Better naval alignment is a major goal for the Marine Corps moving forward. Assistant Secretary of the Navy for Research, Development and Acquisition James Geurts, the event’s keynote speaker, talked about the importance of the Marine Corps and Navy working together to meet goals.
“It is notable how [the Marine Corps and Navy] are changing together, moving past two services synchronizing operations to two services that are truly codependent, each coming up with new ways to enable the other,” said Geurts. “This is truly a naval force, with everybody moving together toward this great power competition.”
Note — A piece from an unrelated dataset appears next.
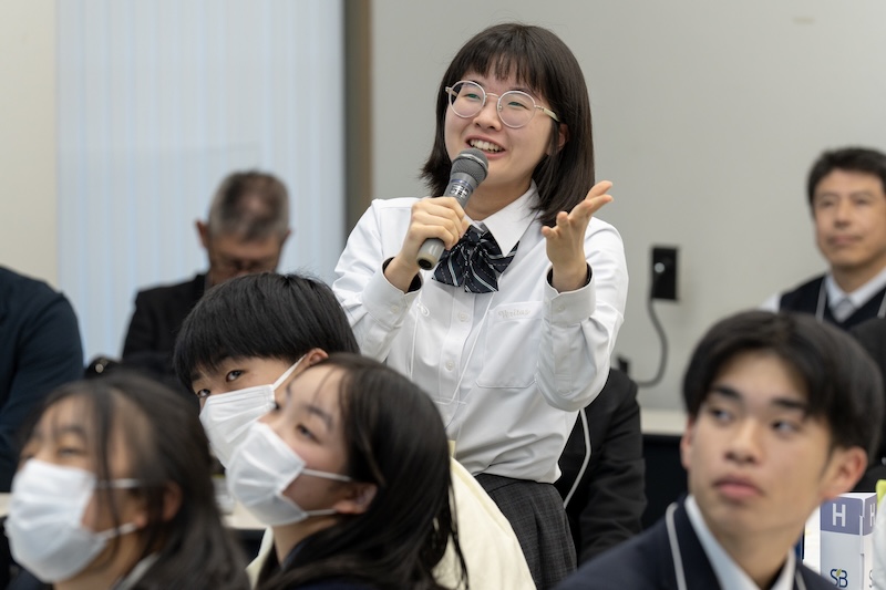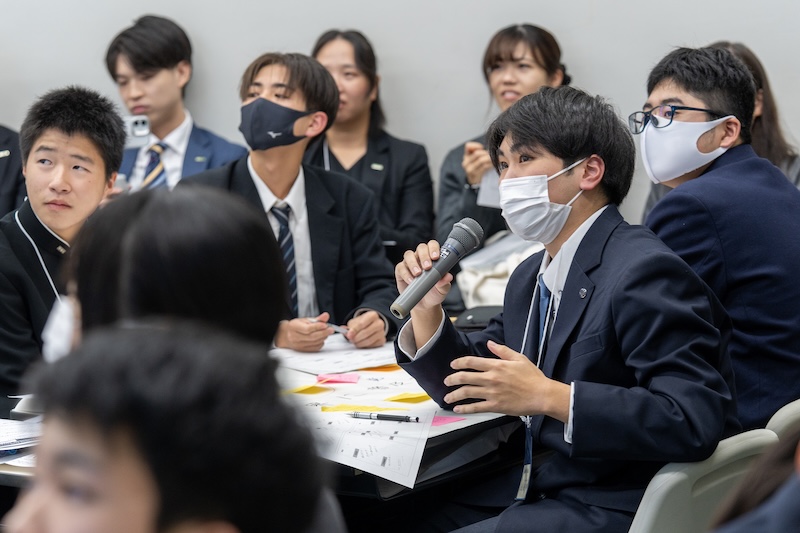 この日、出会ったばかりの別の学校の生徒たちと、一つのテーマを巡ってさまざまなアイデアを出し合い、何をどう発表するかを短時間で組み立ててプレゼンに臨んだ高校生たち。各チームの発表後には、「すごく分かりやすいポスターですが、どこに一番工夫しましたか?」「僕たちには思いつかなかった発想。どこからそのアイデアを思いついたんですか?」といった質問が飛び交い、高校生同士が学びを共有し合う場面も多く見られた。

MCSC had an opportunity to speak directly to industry representatives during the Advance Planning Brief to Industry on the final day of MDMME.
The APBI allowed MCSC portfolio managers to inform industry of the Marine Corps’ acquisition needs in the next several years and answer industry’s questions. Representatives of MCSC’s portfolios, Small Business Office and Contracts team, as well as PEO LS addressed some of their goals in the coming years and how industry can help.
Pasagian specifically mentioned several focus areas where industry could provide assistance, including close-combat lethality, information warfare systems and more. He encouraged industry representatives to ask questions and promoted continued dialogue moving forward.
“We want to maintain a close relationship with you and open up communication with our industry partners to let you all know what we need to get there,” said Pasagian. “Your responsiveness to the needs of our Marines makes our success possible. We could not do this without you.”
Berger believes industry can help the Marine Corps reach its long-term goals. The commandant explained that MDMME is not about the art of the possible today or what is currently modern. It is about what will be modern in the next decade—future technologies that will increase the future Marine’s readiness.
“[Industry] is helping catapult us forward, five, six, 10 years into the future to say, ‘this is what is possible,’” said Berger. “[MDMME] is about industry helping us prepare for where we’re going to be, which is really powerful.”